The asparagus was followed by freshly in-house baked bread, which was fresh, crunchy, and accompanied by some amazing butter.
Black cod came next ,and this was a great dish where the bitter flavors of the brussels sprouts were perfectly complemented by the the fish and the lardon.
Then, some pasta please! Here the garganelli come, with lobster, mushroom, and spring onion.
The pasta was phenomenal – Quince’s chef is renowned for his fresh pasta and the dish did not disappoint.
A beautiful mushroom “en coute” with bet sauce followed – here’s when I ordered a glass of the excellent Barbera d’Albna Bartolo Mascarello 2015 in anticipation of the lamb dish.
The lamb was definitely good. Milk fed, fatty – just as I like it – although I have to admit Thuy did noit particularly liked this dish.

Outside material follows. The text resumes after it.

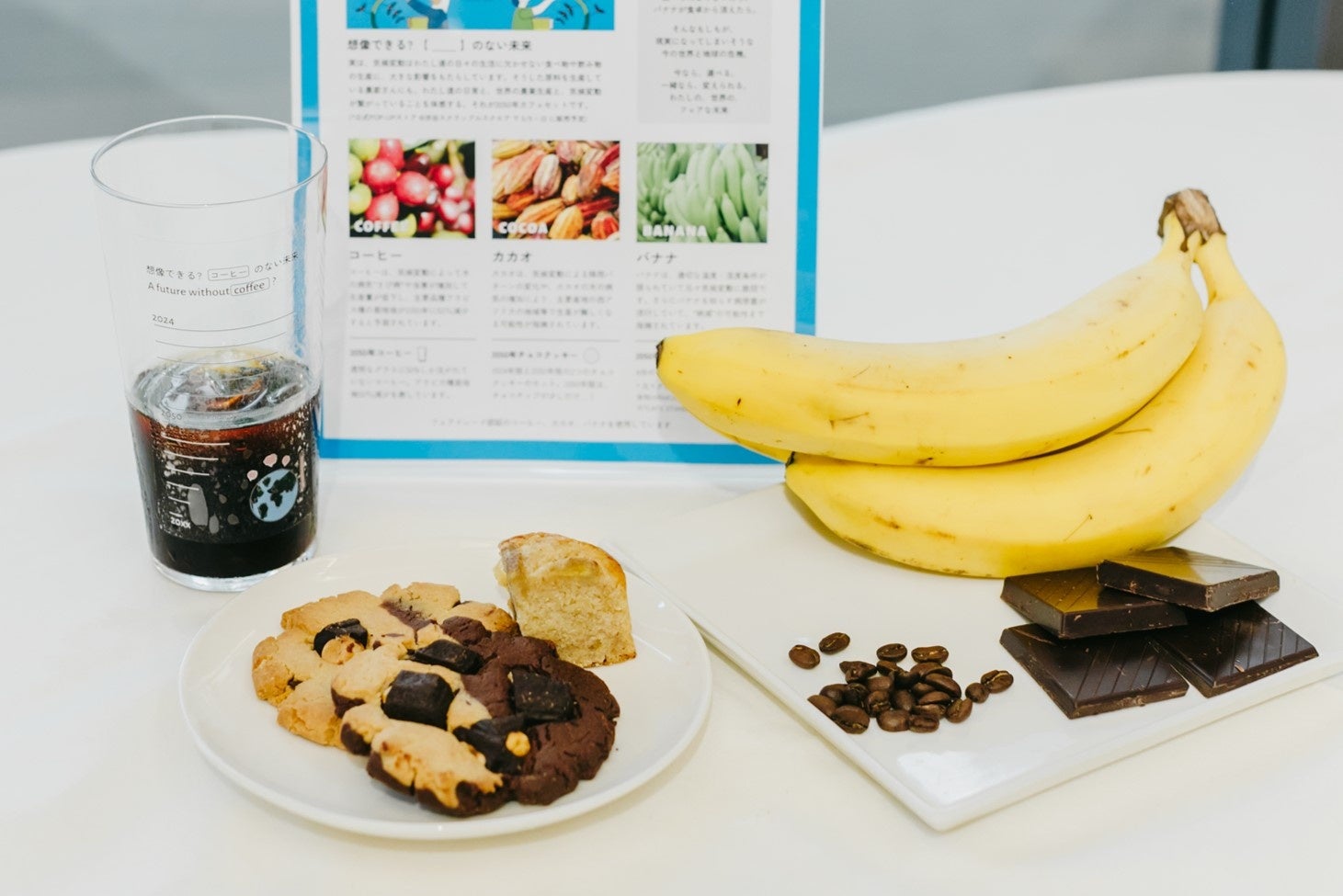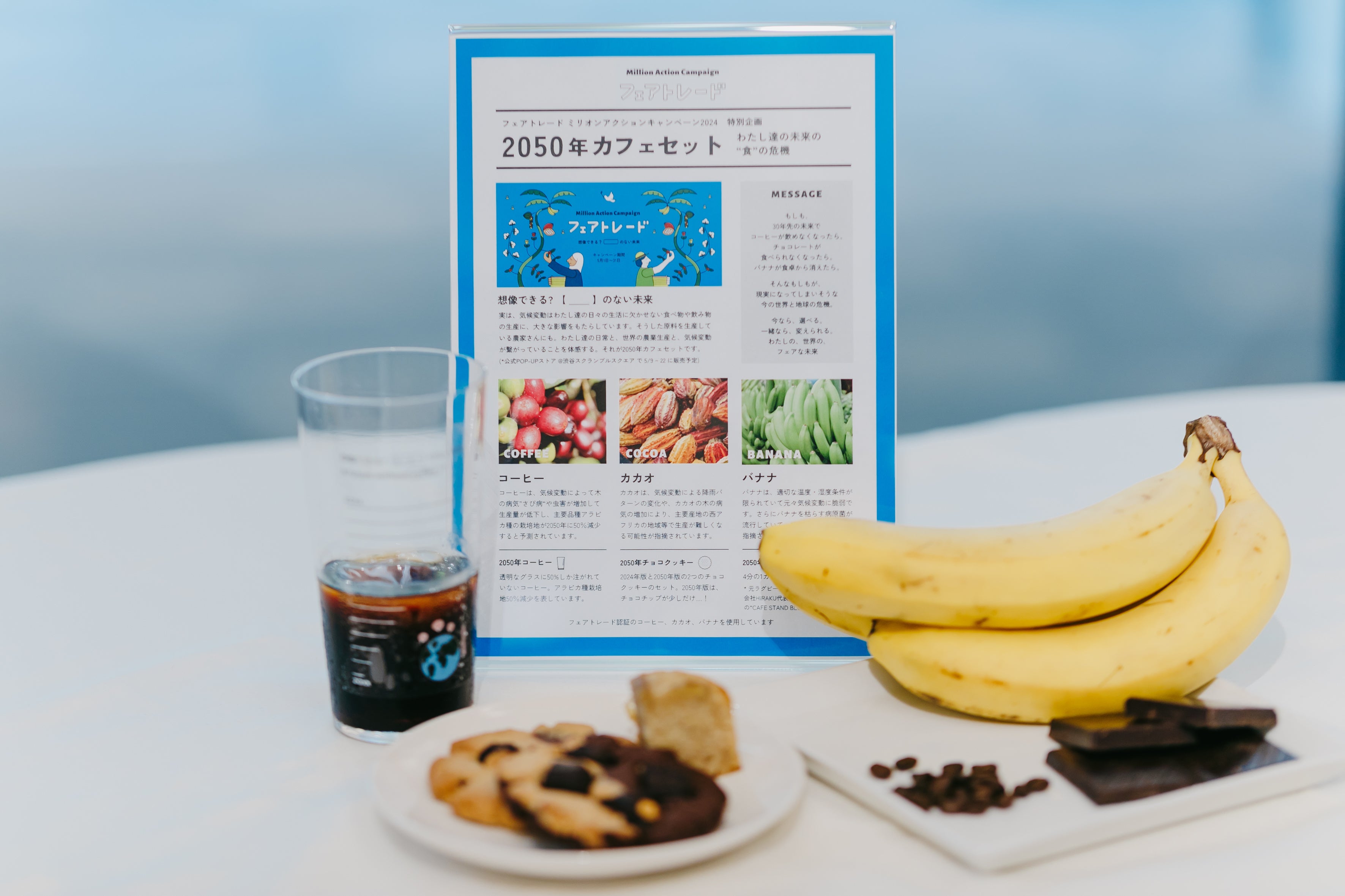 当たり前の食・日常生活がなくなってしまうかも知れない2050年の未来に目を向けることで今の世界に警鐘を鳴らし、持続可能な食品の重要性を訴えるための取り組みの一環として、グラスに半分しか入っていないコーヒーや、チョコレートの量が激減したチョコクッキーなど、2050年には食べられなくなる可能性のあるカフェメニューをイメージした「2050年カフェセット」を提供します。また、様々なフェアトレード商品を展示・販売するコーナーでは、青山学院大学との産学連携プロジェクトとして、商品セレクトや企画・当日の販売などを学生が担当。5月11日(土)の世界フェアトレード・デーには、キャンペーンアンバサダーの髙梨沙羅さんらによるトークショーなども実施します。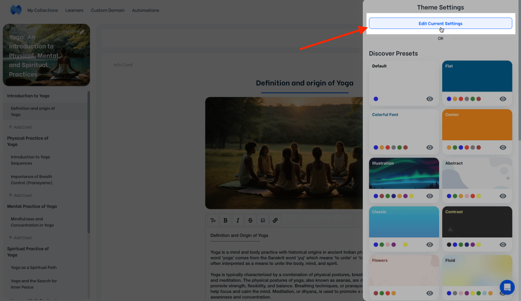 Theme presets are provided for your ease. Yet, not picking a theme preset at all is also an option. You can start customizing your mini-course directly by clicking on the “Edit Current Settings” button. These settings include several options regarding layout, fonts, backgrounds, card options, etc.

Saying that we were stuffed at this point is an understatement.
However, we did not stop.
At this point, we were offered cheese. From a beautiful cart. I can’t remember exactly what we ordered, but I can remember that Thuy was so stuffed I ended up eating most of her cheese as well. The selection was well curated and comprehensive.
Then the first dessert arrived, the kiwi with coconut, vanilla, and olio nuovo. This was a refreshing start to our sweet journey.
The main dessert was strawberry with fromage blanc, meringue, and pain d’epices. It was once again refreshing and delightful.
As this wasn’t enough, mignardises were brought from the most excellent display. Everything we tried was delightful, and I capped it off with a good espresso to (try) to kickstart my digestion.
After paying the bill (which hit the $1,000 mark) we talked a little longer before getting to the door, where the hostess handed us two cups of incredible hot chocolate to keep us warm during the journey home.
We thoroughly enjoyed our dinner at Quince. Chef Michael Tusk delivered a great meal which, coupled with attentive and personalized service, truly made our night special.
While we long to try either Eleven Madison Park or French Laundry next, we are sure that Quince will take its place among those rare, unforgettable experiences that made life truly worth living.